The Witches going to Market

Details
Alice Boyd (1825-1897)
The Witches going to Market
signed with initals and dated 'AB 76' (lower left)
pencil and watercolour heightened with white
19 x 27 in. (48.2 x 68.6 cm.)
Provenance
Penkill Castle until 1992.

Lot Essay

Alice Boyd's work shows the strong influence of William Bell Scott, whom she met when she asked him to give her painting lessons in 1859, and with whom she worked daily after they and Scott's wife had established their ménage à trois.
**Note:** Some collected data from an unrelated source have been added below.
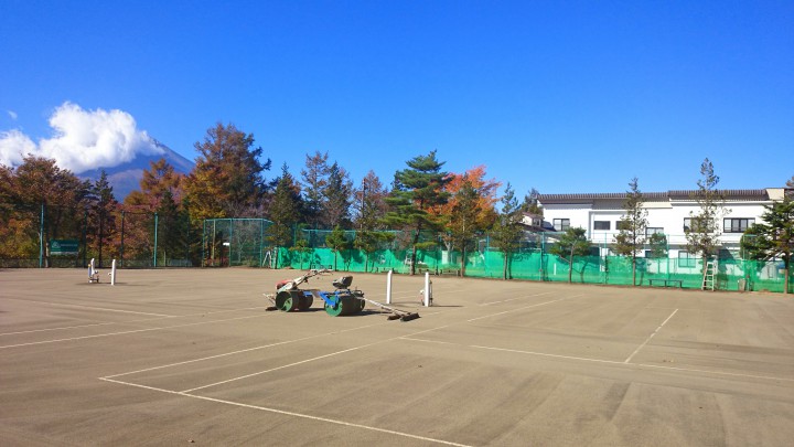季節外れの台風22号は昨夜8時ころ過ぎていきました。総雨量は庭バケツで250mmでした。今日の山中湖は快晴、風はやや強く最高気温13.6℃よりも寒く感じました。今朝の最低は2.1℃。今日の日没は、当館コートで16:00でした。この時期は夕日が富士山に沈むので日没が早いです。写真は10時、青空の下でコート整備が出来て気持ちがよかったです。17/10/30
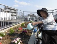 伸ばした葉っぱが窮屈そうに感じるので、そろそろ屋上の花壇にお引越しをします。
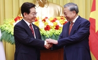 [한국방송/최동민기자] 베트남을 국빈 방문 중인 이재명 대통령은 22일(현지시간) 오후 베트남 국가주석궁에서 또 럼 당서기장 겸 국가주석과 정상회담을 갖고, 양국 간 포괄적 전략 동반자 관계 발전 방안과 지역·국제 정세 등에 대해 심도 있게 논의했다고 이규연 청와대 홍보소통수석이 서면 브리핑했다. 또 럼 당서기장은 이 대통령의 베트남 방문을 환영하며, 본인이 지난해 한국 정부의 첫 국빈으로 방한한 데 이어, 이 대통령이 베트남의 신지도부 출범 후 베트남의 첫 국빈으로 방문한 것을 뜻깊게 생각한다고 했다. 이 대통령은 또 럼 당서기장의 환대에 사의를 표하고, 서로가 첫 국빈 접수국으로 상대국을 선택한 것은 양국이 얼마나 특별한 관계인지를 잘 보여주고 있다고 했다. 양 정상은 교역·투자를 비롯해 에너지·원전, 인프라, 과학기술, 문화·인적교류 등 미래지향적, 전략적 분야에서 협력을 한 단계 높이자는 데 의견을 같이했다. 이에 이번 정상회담을 계기로 분야별 협력 강화를 위한 총 12건의 협력 문건이 체결됐다. 교역·투자 분야에서 양 정상은 호혜적인 실질 협력을 더욱 강화해 나가기로 했다. 이와 관련, 이번 정상회담을 계기로 '식품, 의약품, 화장품, 의료기기 안전
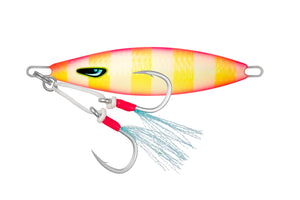 Centre balanced jig design creating an ideal slow pitch jig that flutters at the start of the sink but sinks quickly afterwards to get down deeper.
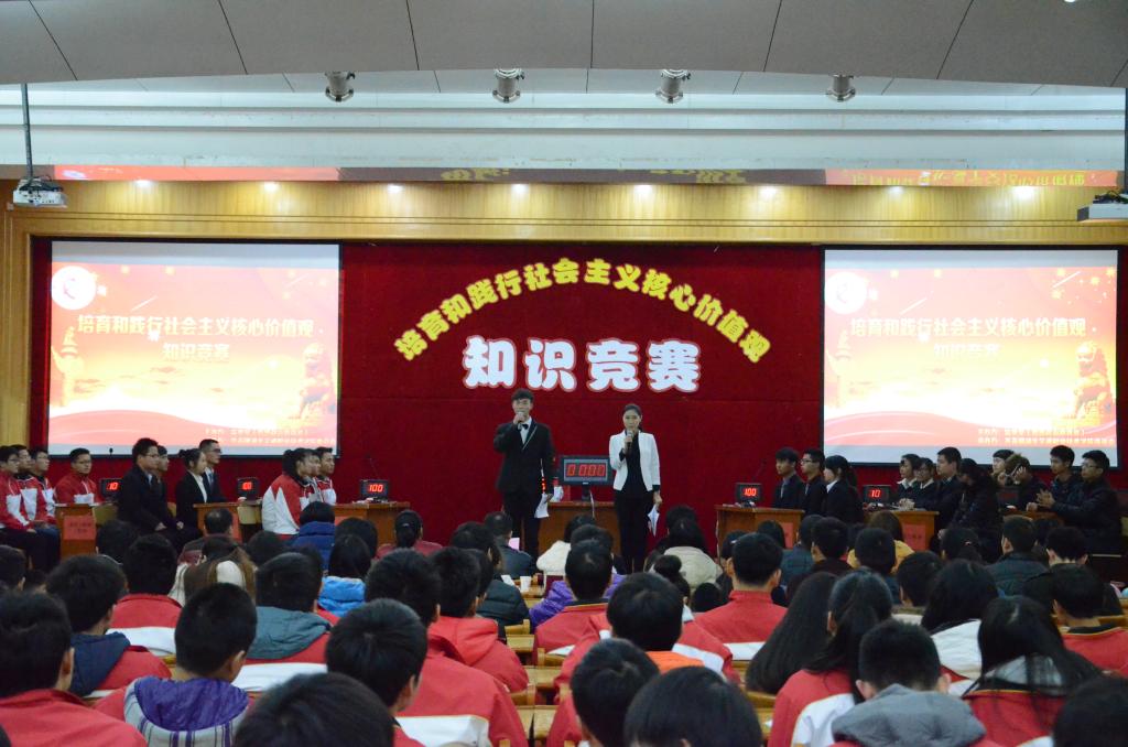 睿智问答启迪生活哲学,妙趣探索点亮人生智慧。12月11日晚6点30分,由我院思政处主办,院团委承办的培育和践行社会主义核心价值观知识竞赛决赛在五楼学术报告厅隆重举行。出席本次活动的嘉宾有副院长王同庆、副院长谢彤以及思政处、院团委、各系分团委负责人。我院各系部共七支学生代表队展开了激烈角逐,机电工程系学生代表队凭借精彩的发挥和团队配合摘得冠军,道桥系和计信系代表队获得二等奖,北区、设计艺术系、管理系和港航系代表队获得三等奖。

As the present picture demonstrates, however, she often displays a nervous sensibility and edginess which are very much her own. The picture is inspired by Scott's poem The Witch's Ballad, which Sir Arthur Quiller-Couch included in his 1900 edition of The Oxford Book of English Verse.

O, I hae come from far away,
From a warm land far away,
A southern land across the sea,
With sailor-lads about the mast,
Merry and canny, and kind to me.

And I hae been to you town
To try my luck in yon town;
Nort and Mysie, Elspie too.
Right braw we were to pass the gate,
Wi' gowden clasps on girdles blue.

We walk'd abeast all up the street,
Into the market up the street:
Our hair with marigolds was wound
Our bodices with love-knots laced,
Our merchandise with tansy bound.

Nort had chickens, I had cocks,
Gamesome cocks, loud-crowing cocks:
Mysie ducks, and Elspie drakes,
For a wee groat or a poun:
We lost nae time wi'gives and takes.

Witch subjects seem to have fascinated Scott, who had exhibited a picture of King James examining the Witches of North Berwick at the Royal Scottish Academy in 1845.